Several studies have shown that ovariectomy itself can deteriorate cardiac function or induce cardiac hypertrophy. To some extent, it explains the special pathological mechanism in ventricular hypertrophy and CMD in women. In aged rats, ovariectomy further aggravates the aging-induced decline in cardiac function, exacerbates left ventricular and endocardial collagen deposition, and amplifies these effects compared to aged non-ovariectomized counterparts. Ovariectomy also elicits a significant increase in cardiac inflammatory responses and oxidative stress[105]. In female rats, isolated ovariectomy did not result in reduced cardiac function, substantial cardiac collagen accumulation, or notable expansion of myocardial cell surface area. By contrast, ovariectomy combined with coronary artery occlusion-induced MI led to marked elevations in both collagen deposition and myocyte hypertrophy. Cardiac angiotensin receptor AT1 levels were significantly elevated in both ovariectomy-exposed and MI patients[106]. AT1 receptor activation elicits cardiac hypertrophy and promotes collagen deposition. Not only AT1 receptor expression but also aortic angiotensin-converting enzyme (ACE) were increased by ovariectomy, along with reduced eNOS activity and NO production[107].

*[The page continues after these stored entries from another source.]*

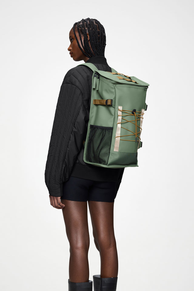 The Trail Mountaineer Bag by Rains combines rugged outdoor functionality with contemporary design. Its boxy silhouette and sporty aesthetic make it the perfect companion for adventure seekers and urban explorers alike. Built from Rains' signature PU fabric, this waterproof backpack delivers durability and a smooth finish that withstands the elements. The squared design opens to a generous main compartment, while a top-flap zip pocket and side mesh water bottle holder keep essentials organized and accessible. Compression webbing straps with mounted buckles secure your load, preventing shifting during movement. External bungee cords offer additional storage flexibility for gear that needs quick access. Padded shoulder straps and a stabilizing chest strap ensure comfortable, balanced carrying even when fully loaded. Whether you're tackling mountain trails or navigating city streets, the Trail Mountaineer Bag delivers the versatility and protection your adventures demand.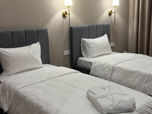 2-местный апартамент (макс. 2+1 чел., 35 кв. м, телевизор, кондиционер, фен, халаты, туалетные принадлежности, 2-спальная кровать, диван, стол, спальня, санузел, полотенца, оборудованная мини-кухня (электроплита, микроволновая печь, чайник, холодильник, посуда), имеется дверь между кухней и спальней, номер с отдельным входом и общей открытой террасой). Доп. место - раскладной диван.2-местный 2-комнатный люкс (макс. 2+3 чел., 50 кв. м, телевизор, кондиционер, фен, халаты, холодильник, туалетные принадлежности, балкон (в части номеров), мини-бар, 2-спальная кровать, санузел, полотенца, раскладной диван). 2-спальный раскладной диван и еврораскладушка.2-местный стандарт (макс. 2+1 чел., 24 кв. м, телевизор, кондиционер, фен, халаты, холодильник, туалетные принадлежности, мини-бар, 2-спальная кровать, санузел, полотенца). Доп. место - еврораскладушка.2-местный стандарт с балконом (макс. 2+1 чел., 24 кв. м, телевизор, кондиционер, фен, халаты, холодильник, туалетные принадлежности, балкон, мини-бар, 1-спальные/ 2-спальная кровать, санузел, полотенца, 4 номера из 27 с двумя раздельными кроватями). Доп. место - еврораскладушка. - Пляж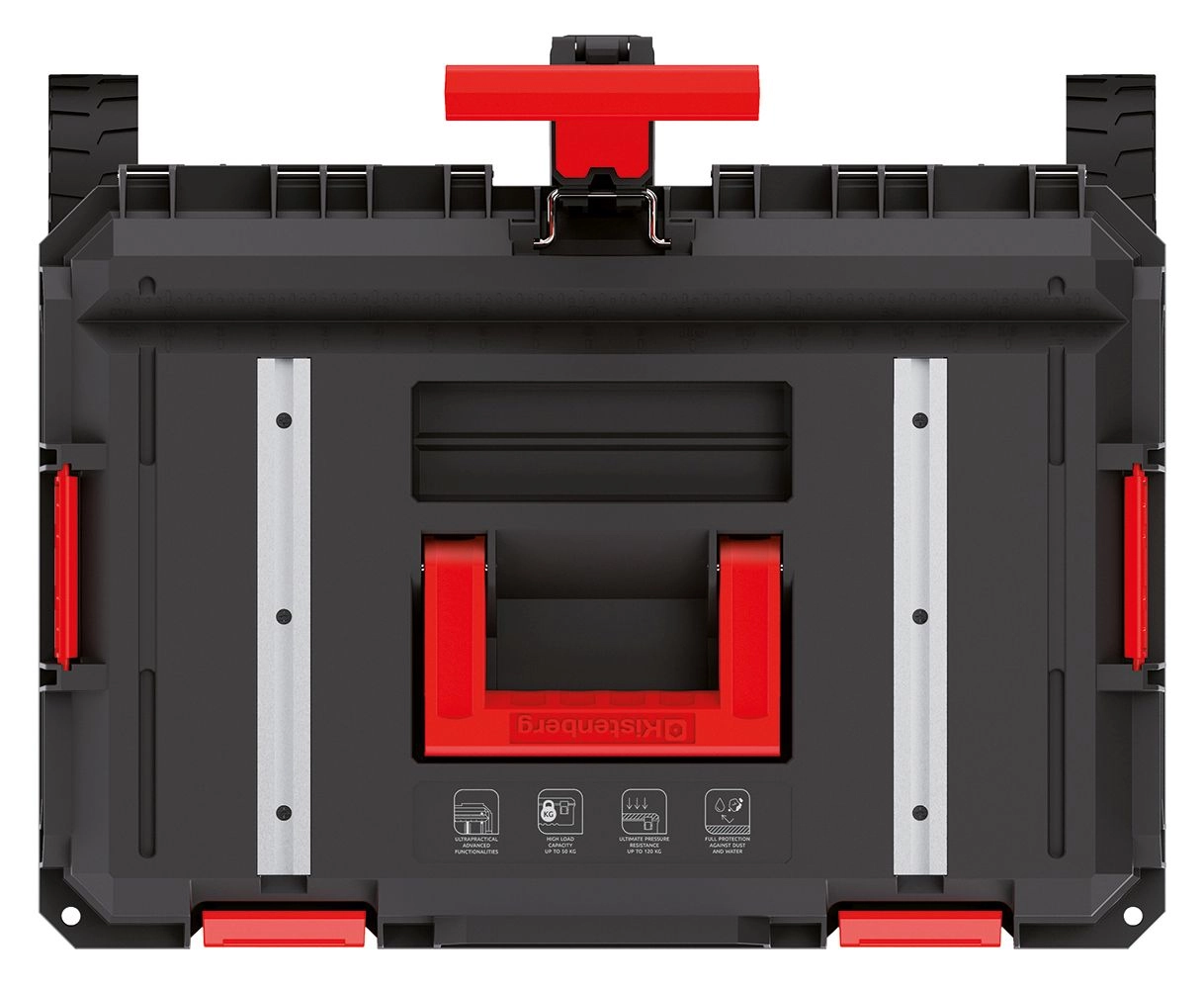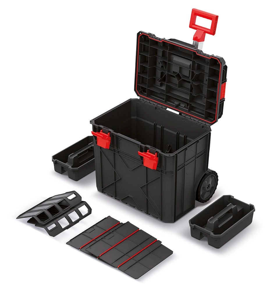 La boîte roulante X-Block Tech combine une construction solide, une organisation ingénieuse et un transport aisé. Des parois nervurées, des coins renforcés et des verrous de qualité protègent le contenu même en environnement poussiéreux ou humide. Grâce à la poignée télescopique et aux grandes roues résistantes, vous déplacez vos outils en toute sécurité dans l’atelier comme sur le chantier.

Coronary microvascular resistance is not only an important mechanism but also an important index to evaluate the extent of microvascular dysfunction. When endothelial dysfunction, inflammation, oxidative stress and ventricular hypertrophy cause significant changes in hemodynamics, coronary microvascular resistance changes accordingly. In the absence of angiogenesis, stenosis of an epicardial artery leads to augmented resting perfusion, which could result in tissue necrosis; the self-regulating system fails to compensate, resulting in CMD[108].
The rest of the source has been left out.